● **Supplied material**:
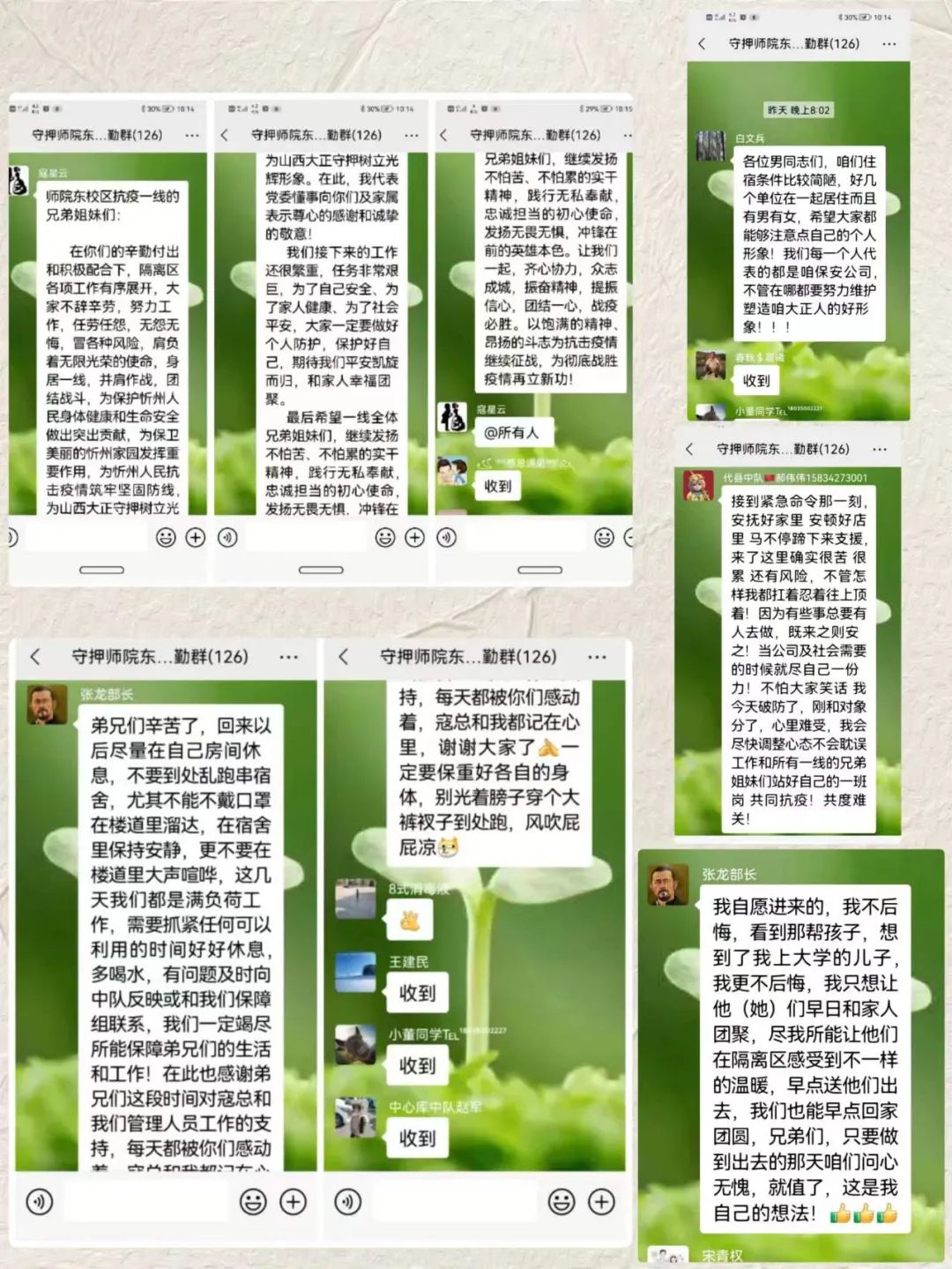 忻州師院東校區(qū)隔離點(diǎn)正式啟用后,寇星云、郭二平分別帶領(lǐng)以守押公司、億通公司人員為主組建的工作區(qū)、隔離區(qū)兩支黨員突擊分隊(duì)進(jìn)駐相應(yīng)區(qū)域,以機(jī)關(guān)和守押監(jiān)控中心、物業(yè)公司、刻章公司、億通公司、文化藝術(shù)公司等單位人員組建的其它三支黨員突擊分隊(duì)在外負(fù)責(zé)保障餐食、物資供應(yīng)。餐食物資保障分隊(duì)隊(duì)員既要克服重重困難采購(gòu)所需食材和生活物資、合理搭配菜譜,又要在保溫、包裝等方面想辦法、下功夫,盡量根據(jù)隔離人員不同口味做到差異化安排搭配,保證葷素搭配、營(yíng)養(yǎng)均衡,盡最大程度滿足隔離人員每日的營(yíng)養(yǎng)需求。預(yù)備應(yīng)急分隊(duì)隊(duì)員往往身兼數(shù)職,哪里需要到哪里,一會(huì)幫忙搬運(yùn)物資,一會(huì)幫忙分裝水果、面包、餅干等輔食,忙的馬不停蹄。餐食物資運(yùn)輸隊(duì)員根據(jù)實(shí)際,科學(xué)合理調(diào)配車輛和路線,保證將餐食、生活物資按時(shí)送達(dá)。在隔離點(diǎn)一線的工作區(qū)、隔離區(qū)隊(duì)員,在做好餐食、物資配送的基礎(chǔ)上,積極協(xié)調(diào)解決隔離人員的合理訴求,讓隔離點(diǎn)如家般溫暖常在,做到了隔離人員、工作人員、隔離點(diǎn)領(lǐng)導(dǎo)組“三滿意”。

==

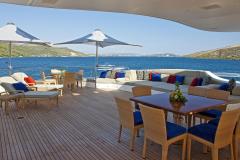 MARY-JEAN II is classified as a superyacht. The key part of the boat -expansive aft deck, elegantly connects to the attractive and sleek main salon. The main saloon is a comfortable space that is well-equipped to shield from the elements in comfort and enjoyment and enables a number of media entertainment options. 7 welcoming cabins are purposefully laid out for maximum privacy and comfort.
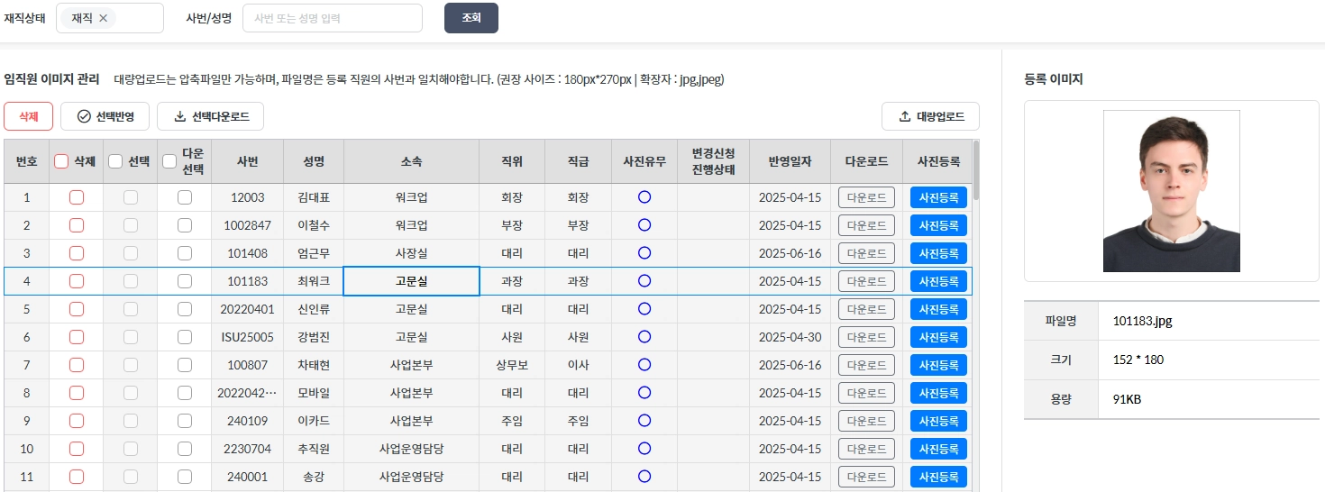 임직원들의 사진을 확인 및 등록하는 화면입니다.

● **To do**:
Above are the records. Copy word for word only their lines from the one holding "MARY-JEAN II is" through the one holding "임직원들의 사진을 확인 및 등록하는 화면입니다.", both included, and skip the images.

● **Reply**:
 MARY-JEAN II is classified as a superyacht. The key part of the boat -expansive aft deck, elegantly connects to the attractive and sleek main salon. The main saloon is a comfortable space that is well-equipped to shield from the elements in comfort and enjoyment and enables a number of media entertainment options. 7 welcoming cabins are purposefully laid out for maximum privacy and comfort.
 임직원들의 사진을 확인 및 등록하는 화면입니다.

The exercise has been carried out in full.